Hover over an underlined piece of code to see warnings and errors from the LSP:

Hover over a class or method and click `Ctrl` to display a tooltip with the class or method signature:

Pipeline Code Notebook Sections

User-defined SQL

query_sql = """
  SELECT * FROM demo_file;
"""

For nodes that reference the Ganymede data lake on input, the query_sql string is used to specify the data table to process on the input parameter in the execute function. The schema in the query is specific to the tenant used, and the file corresponds to the name used in an upstream node.

observing columns and tables in Ganymede data lake

Available tables and their associated schemas can be observed in the Data Explorer tab of the Ganymede app.

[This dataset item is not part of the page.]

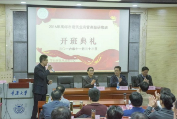 重慶大學繼續(xù)教育學院副院長馮清平介紹了重慶大學的發(fā)展歷程、辦學理念、治學思想和學術(shù)地位,對繼續(xù)教育學院學科以及培訓建筑業(yè)企業(yè)高層管理人員的工作情況作了說明。潘建奇副市長分析了我市建筑業(yè)企業(yè)面臨的新形勢,闡述了本次在重慶大學舉辦筑業(yè)企業(yè)高層管理人員專題研修班的重要意義。
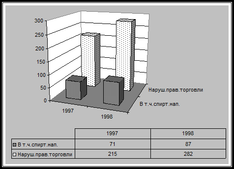 УИМ. Как уже было сказано выше, Сахалинская область является "лакомым куском" для предпринимателей, завозящих на остров товары народного потребления, при этом, часто пытаются реализовывать некачественный, купленный по сниженным ценам и поддельными сертификатами, товар. Особенно большой урон местному бюджету наносят правонарушения связанные с нарушениями в сфере торговли спиртными напитками. Некачественная, но дешёвая водка, конкурирует с вино-водочной продукцией, выпускаемой местным пищекомбинатом, доходы от продажи которой, составляют большую долю от получаемых в местный бюджет средств. За нарушение правил торговли было составлено протоколов об административном правонарушении: в 1998 г – 282, а 1997 г. 215, в том числе за нарушения правил торговли спиртными напитками соответственно 87 и 71.

More than 1 query can be specified as input; to do so, specify multiple queries as semicolon-delimited query strings. These are passed as a parameter to the user-defined Python function as a list of tables.

User-defined Python

import pandas as pd
from typing import Union, List
from io import BytesIO
from ganymede_sdk.io import NodeReturn


def execute(
    df_sql_result: Union[pd.DataFrame, List[pd.DataFrame]], ganymede_context=None
) -> NodeReturn:
    """
    Process tabular data from user-defined SQL query, writing results back to data lake.  Data
    is written to the output bucket.

    Parameters
    ----------
    df_sql_result : Union[pd.DataFrame, List[pd.DataFrame]]
        Table(s) or list of tables retrieved from user-defined SQL query
    ganymede_context : GanymedeContext
        Ganymede context variable, which stores flow run metadata

    Returns
    -------
    NodeReturn
        Object containing data to store in data lake and/or file storage.  NodeReturn object takes
        2 parameters:
        - tables_to_upload: Dict[str, pd.DataFrame]
            keys are table names, values are pandas DataFrames to upload
        - files_to_upload: Dict[str, bytes]
            keys are file names, values are file data to upload

    Notes
    -----
    Files can also be retrieved and processed using the list_files and retrieve_files functions.
    Documentation on these functions can be found at https://docs.ganymede.bio/sdk/ModuleIO
    """

    # Retrieve single table from SQL query into a dictionary
    if isinstance(df_sql_result, pd.DataFrame):
        dict_df_out = {"results": df_sql_result.copy()}
        table_out = df_sql_result
    else:
        dict_df_out = {str(k): df for k, df in enumerate(df_sql_result)}
        table_out = df_sql_result[0]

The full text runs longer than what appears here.